WHAT IS NEEDED
Would you retype the whole listing exactly, leaving its pictures out?

PROVIDED RECORDS

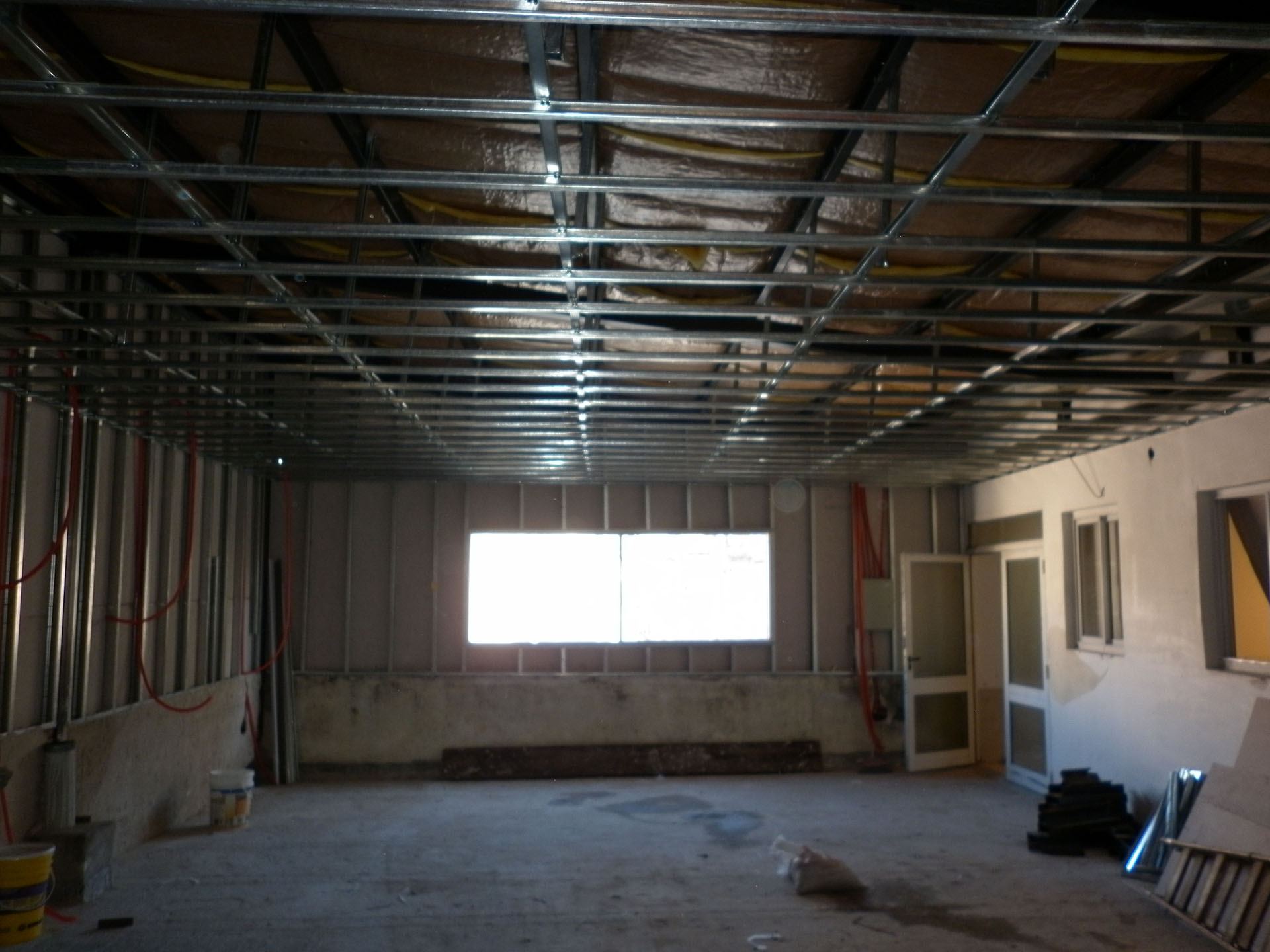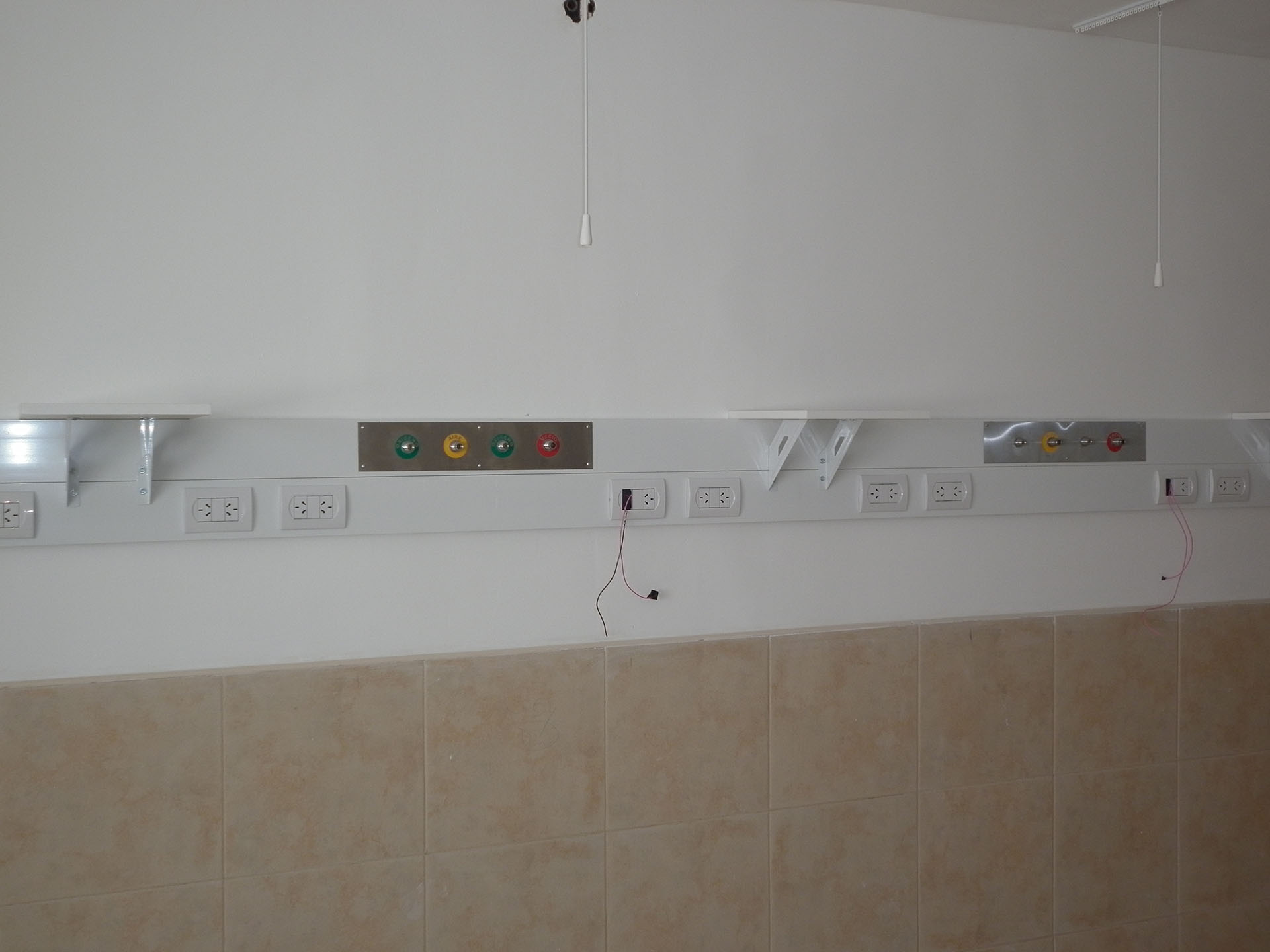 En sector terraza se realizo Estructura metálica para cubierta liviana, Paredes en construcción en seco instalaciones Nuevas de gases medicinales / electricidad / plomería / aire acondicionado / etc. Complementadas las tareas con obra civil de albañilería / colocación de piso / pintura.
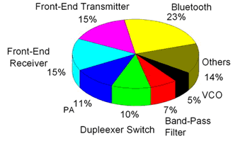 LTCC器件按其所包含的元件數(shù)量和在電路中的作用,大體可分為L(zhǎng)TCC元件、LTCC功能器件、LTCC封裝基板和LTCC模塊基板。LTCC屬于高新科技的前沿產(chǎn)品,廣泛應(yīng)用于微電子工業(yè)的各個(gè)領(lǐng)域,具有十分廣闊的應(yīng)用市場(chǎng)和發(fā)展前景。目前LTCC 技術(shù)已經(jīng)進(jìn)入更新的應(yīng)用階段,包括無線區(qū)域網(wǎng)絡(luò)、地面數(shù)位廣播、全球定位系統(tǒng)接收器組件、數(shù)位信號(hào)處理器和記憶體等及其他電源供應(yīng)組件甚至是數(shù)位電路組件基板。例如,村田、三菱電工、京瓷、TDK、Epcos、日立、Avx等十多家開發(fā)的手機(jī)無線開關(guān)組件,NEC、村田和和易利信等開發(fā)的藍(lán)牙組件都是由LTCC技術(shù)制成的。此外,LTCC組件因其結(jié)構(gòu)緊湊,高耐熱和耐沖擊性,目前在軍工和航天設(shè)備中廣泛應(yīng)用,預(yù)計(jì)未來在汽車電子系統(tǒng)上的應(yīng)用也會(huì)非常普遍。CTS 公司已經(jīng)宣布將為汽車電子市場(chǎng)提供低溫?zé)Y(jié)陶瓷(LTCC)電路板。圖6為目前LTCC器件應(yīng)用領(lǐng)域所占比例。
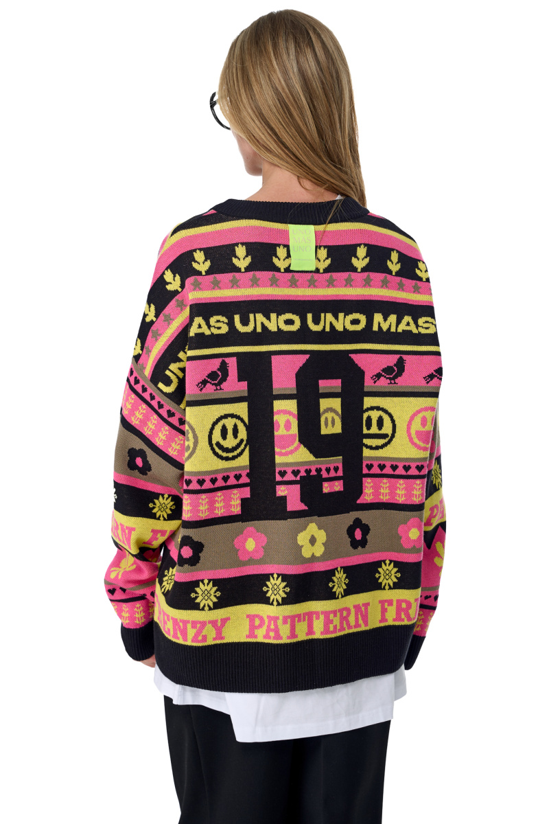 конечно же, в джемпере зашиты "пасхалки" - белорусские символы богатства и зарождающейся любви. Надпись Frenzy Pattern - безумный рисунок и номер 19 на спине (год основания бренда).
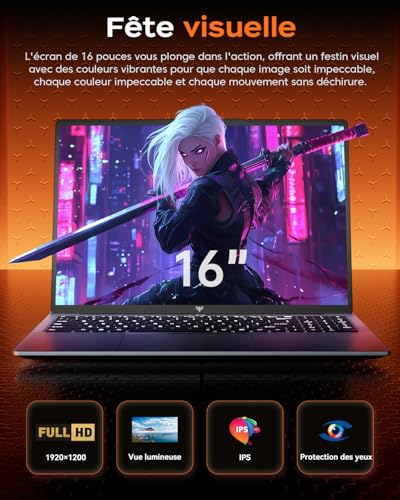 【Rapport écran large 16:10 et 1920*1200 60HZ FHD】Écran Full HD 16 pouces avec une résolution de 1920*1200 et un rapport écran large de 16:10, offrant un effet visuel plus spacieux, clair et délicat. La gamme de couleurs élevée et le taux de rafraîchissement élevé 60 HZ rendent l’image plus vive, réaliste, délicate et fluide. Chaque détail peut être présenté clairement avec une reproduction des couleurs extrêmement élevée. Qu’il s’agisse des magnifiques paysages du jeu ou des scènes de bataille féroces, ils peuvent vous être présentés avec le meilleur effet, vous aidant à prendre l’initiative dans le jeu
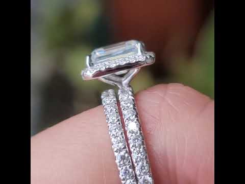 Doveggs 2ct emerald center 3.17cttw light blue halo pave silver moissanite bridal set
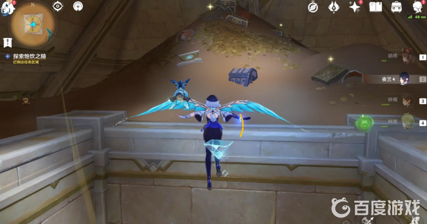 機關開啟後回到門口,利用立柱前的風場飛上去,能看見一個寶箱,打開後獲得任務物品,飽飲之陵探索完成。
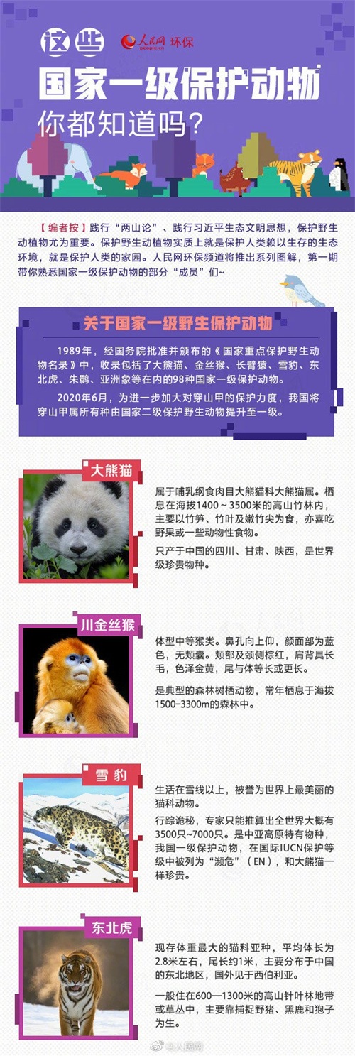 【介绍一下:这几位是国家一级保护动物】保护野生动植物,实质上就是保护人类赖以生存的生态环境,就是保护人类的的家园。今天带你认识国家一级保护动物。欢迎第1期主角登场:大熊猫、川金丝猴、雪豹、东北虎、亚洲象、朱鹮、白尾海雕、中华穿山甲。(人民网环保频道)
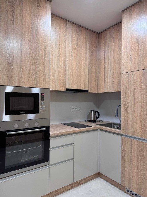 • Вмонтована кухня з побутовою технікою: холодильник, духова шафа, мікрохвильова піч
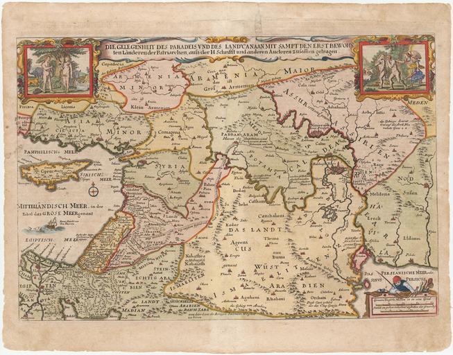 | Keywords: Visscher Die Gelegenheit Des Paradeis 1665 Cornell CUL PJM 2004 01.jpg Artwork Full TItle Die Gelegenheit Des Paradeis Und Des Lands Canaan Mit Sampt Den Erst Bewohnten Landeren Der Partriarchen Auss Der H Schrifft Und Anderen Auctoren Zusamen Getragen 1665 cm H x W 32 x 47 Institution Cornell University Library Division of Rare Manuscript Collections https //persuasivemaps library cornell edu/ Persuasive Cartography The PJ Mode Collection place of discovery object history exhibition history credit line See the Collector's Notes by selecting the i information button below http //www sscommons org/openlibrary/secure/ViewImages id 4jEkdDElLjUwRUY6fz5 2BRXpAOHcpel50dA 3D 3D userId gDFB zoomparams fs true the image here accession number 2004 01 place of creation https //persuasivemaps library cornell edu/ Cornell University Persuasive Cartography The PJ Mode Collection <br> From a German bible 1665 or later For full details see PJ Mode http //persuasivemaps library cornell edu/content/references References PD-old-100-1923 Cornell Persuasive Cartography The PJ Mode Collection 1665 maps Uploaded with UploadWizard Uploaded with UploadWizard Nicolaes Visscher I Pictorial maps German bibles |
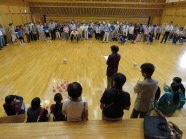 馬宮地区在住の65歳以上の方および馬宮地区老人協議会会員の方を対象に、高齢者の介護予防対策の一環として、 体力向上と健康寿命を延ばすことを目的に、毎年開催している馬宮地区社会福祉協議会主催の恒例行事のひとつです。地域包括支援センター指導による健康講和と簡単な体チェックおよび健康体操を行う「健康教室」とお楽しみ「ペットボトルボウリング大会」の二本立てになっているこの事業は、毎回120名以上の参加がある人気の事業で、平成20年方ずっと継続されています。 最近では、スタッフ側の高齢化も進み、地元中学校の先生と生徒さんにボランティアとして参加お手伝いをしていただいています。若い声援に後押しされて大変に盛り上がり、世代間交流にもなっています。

FINAL ANSWER
 En sector terraza se realizo Estructura metálica para cubierta liviana, Paredes en construcción en seco instalaciones Nuevas de gases medicinales / electricidad / plomería / aire acondicionado / etc. Complementadas las tareas con obra civil de albañilería / colocación de piso / pintura.
 LTCC器件按其所包含的元件數(shù)量和在電路中的作用,大體可分為L(zhǎng)TCC元件、LTCC功能器件、LTCC封裝基板和LTCC模塊基板。LTCC屬于高新科技的前沿產(chǎn)品,廣泛應(yīng)用于微電子工業(yè)的各個(gè)領(lǐng)域,具有十分廣闊的應(yīng)用市場(chǎng)和發(fā)展前景。目前LTCC 技術(shù)已經(jīng)進(jìn)入更新的應(yīng)用階段,包括無線區(qū)域網(wǎng)絡(luò)、地面數(shù)位廣播、全球定位系統(tǒng)接收器組件、數(shù)位信號(hào)處理器和記憶體等及其他電源供應(yīng)組件甚至是數(shù)位電路組件基板。例如,村田、三菱電工、京瓷、TDK、Epcos、日立、Avx等十多家開發(fā)的手機(jī)無線開關(guān)組件,NEC、村田和和易利信等開發(fā)的藍(lán)牙組件都是由LTCC技術(shù)制成的。此外,LTCC組件因其結(jié)構(gòu)緊湊,高耐熱和耐沖擊性,目前在軍工和航天設(shè)備中廣泛應(yīng)用,預(yù)計(jì)未來在汽車電子系統(tǒng)上的應(yīng)用也會(huì)非常普遍。CTS 公司已經(jīng)宣布將為汽車電子市場(chǎng)提供低溫?zé)Y(jié)陶瓷(LTCC)電路板。圖6為目前LTCC器件應(yīng)用領(lǐng)域所占比例。
 конечно же, в джемпере зашиты "пасхалки" - белорусские символы богатства и зарождающейся любви. Надпись Frenzy Pattern - безумный рисунок и номер 19 на спине (год основания бренда).
 【Rapport écran large 16:10 et 1920*1200 60HZ FHD】Écran Full HD 16 pouces avec une résolution de 1920*1200 et un rapport écran large de 16:10, offrant un effet visuel plus spacieux, clair et délicat. La gamme de couleurs élevée et le taux de rafraîchissement élevé 60 HZ rendent l’image plus vive, réaliste, délicate et fluide. Chaque détail peut être présenté clairement avec une reproduction des couleurs extrêmement élevée. Qu’il s’agisse des magnifiques paysages du jeu ou des scènes de bataille féroces, ils peuvent vous être présentés avec le meilleur effet, vous aidant à prendre l’initiative dans le jeu
 Doveggs 2ct emerald center 3.17cttw light blue halo pave silver moissanite bridal set
 機關開啟後回到門口,利用立柱前的風場飛上去,能看見一個寶箱,打開後獲得任務物品,飽飲之陵探索完成。
 【介绍一下:这几位是国家一级保护动物】保护野生动植物,实质上就是保护人类赖以生存的生态环境,就是保护人类的的家园。今天带你认识国家一级保护动物。欢迎第1期主角登场:大熊猫、川金丝猴、雪豹、东北虎、亚洲象、朱鹮、白尾海雕、中华穿山甲。(人民网环保频道)
 • Вмонтована кухня з побутовою технікою: холодильник, духова шафа, мікрохвильова піч
 | Keywords: Visscher Die Gelegenheit Des Paradeis 1665 Cornell CUL PJM 2004 01.jpg Artwork Full TItle Die Gelegenheit Des Paradeis Und Des Lands Canaan Mit Sampt Den Erst Bewohnten Landeren Der Partriarchen Auss Der H Schrifft Und Anderen Auctoren Zusamen Getragen 1665 cm H x W 32 x 47 Institution Cornell University Library Division of Rare Manuscript Collections https //persuasivemaps library cornell edu/ Persuasive Cartography The PJ Mode Collection place of discovery object history exhibition history credit line See the Collector's Notes by selecting the i information button below http //www sscommons org/openlibrary/secure/ViewImages id 4jEkdDElLjUwRUY6fz5 2BRXpAOHcpel50dA 3D 3D userId gDFB zoomparams fs true the image here accession number 2004 01 place of creation https //persuasivemaps library cornell edu/ Cornell University Persuasive Cartography The PJ Mode Collection <br> From a German bible 1665 or later For full details see PJ Mode http //persuasivemaps library cornell edu/content/references References PD-old-100-1923 Cornell Persuasive Cartography The PJ Mode Collection 1665 maps Uploaded with UploadWizard Uploaded with UploadWizard Nicolaes Visscher I Pictorial maps German bibles |
 馬宮地区在住の65歳以上の方および馬宮地区老人協議会会員の方を対象に、高齢者の介護予防対策の一環として、 体力向上と健康寿命を延ばすことを目的に、毎年開催している馬宮地区社会福祉協議会主催の恒例行事のひとつです。地域包括支援センター指導による健康講和と簡単な体チェックおよび健康体操を行う「健康教室」とお楽しみ「ペットボトルボウリング大会」の二本立てになっているこの事業は、毎回120名以上の参加がある人気の事業で、平成20年方ずっと継続されています。 最近では、スタッフ側の高齢化も進み、地元中学校の先生と生徒さんにボランティアとして参加お手伝いをしていただいています。若い声援に後押しされて大変に盛り上がり、世代間交流にもなっています。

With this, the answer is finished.